The villain of the episode is a former, er, flame of Firestar who blames her for the accident that burned half his body (astonishingly not actually her fault) and forced him to replace most of himself with machinery and become the cyborg known as Cyberiad. Even with such a ridiculous villain, I couldn’t get enough of the episode, which also must have served as my introduction to Kitty Pryde as a character, now that I think about it.
“The Mutant Agenda”/”Mutants Revenge” – Spider-Man: The Animated Series
As a kid, this felt like the biggest crossover before I finally got Freddy vs.

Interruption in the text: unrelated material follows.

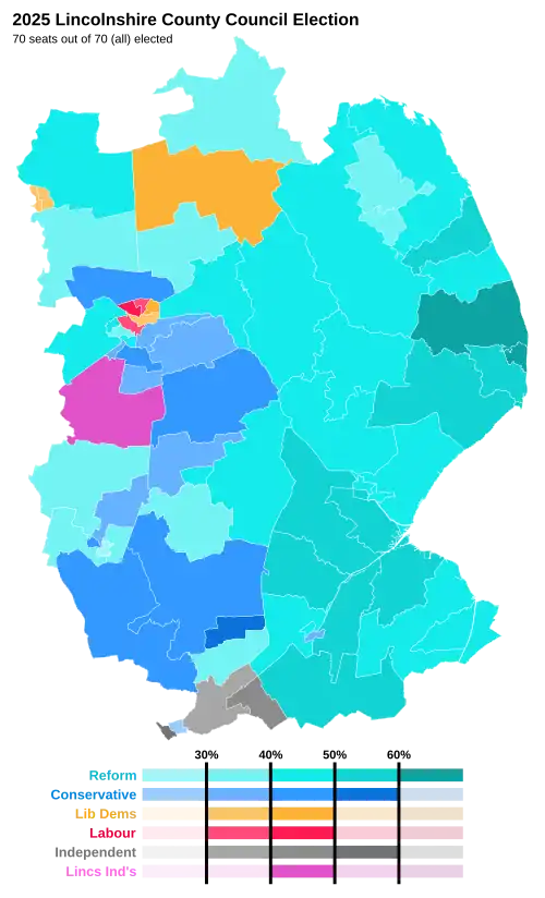 The 2025 Lincolnshire County Council election was held on 1 May 2025 to elect members to Lincolnshire County Council in Lincolnshire, England.[6] All 70 seats were up for election. This was on the same day as other local elections including the inaugural 2025 Greater Lincolnshire mayoral election. The council was under Conservative majority control prior to the election. Reform UK won a majority of the seats on the council at the election.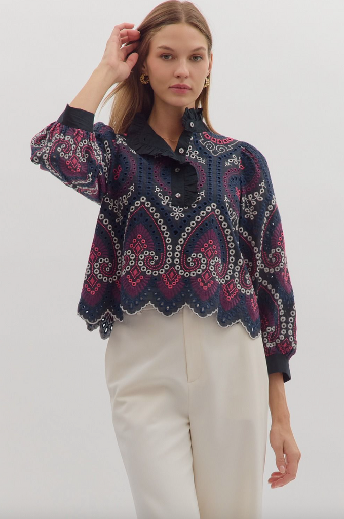 Embroidered eyelet 3/4 puff sleeve top featuring ruffled accent split neck with button closure at front. Scallop hem. Lined. Woven. Non-sheer. Lightweight.

Jason. As a regular Saturday morning viewer of both shows and a diehard fan, I remember the premiere of the two-parter as a genuine television event. It’s also amazing that the X-Men would appear on Spider-Man’s show rather than the other way around, as the episodes brought in the full roster of X-Men’s voice cast. But the story uniting them felt organic. Both X-Men and Spider-Man were great at telling season-long stories and this whole season of Spider-Man revolved around Spidey’s ongoing mutation and his race to get a grasp on it.
Through his meeting with the X-Men, he first confronts the possibility that his Fly-like transformation into a spider might not be cured and has to question how he’ll live with that. Watching Spider-Man as I saw him every week interact with the X-Men as I knew them and loved them was astonishing to me. Hearing his voice bounce off of theirs, it was something that even as a youngster I couldn’t believe I was actually getting the chance to absorb.
The cherry on top of the whole crossover, though, is definitely David Warner as a scientist obsessed with mutation, who seeks to kill off mutants but instead winds up turning himself into one. Warner’s character, Herbert Landon, would go on to become a reoccurring antagonist on the show.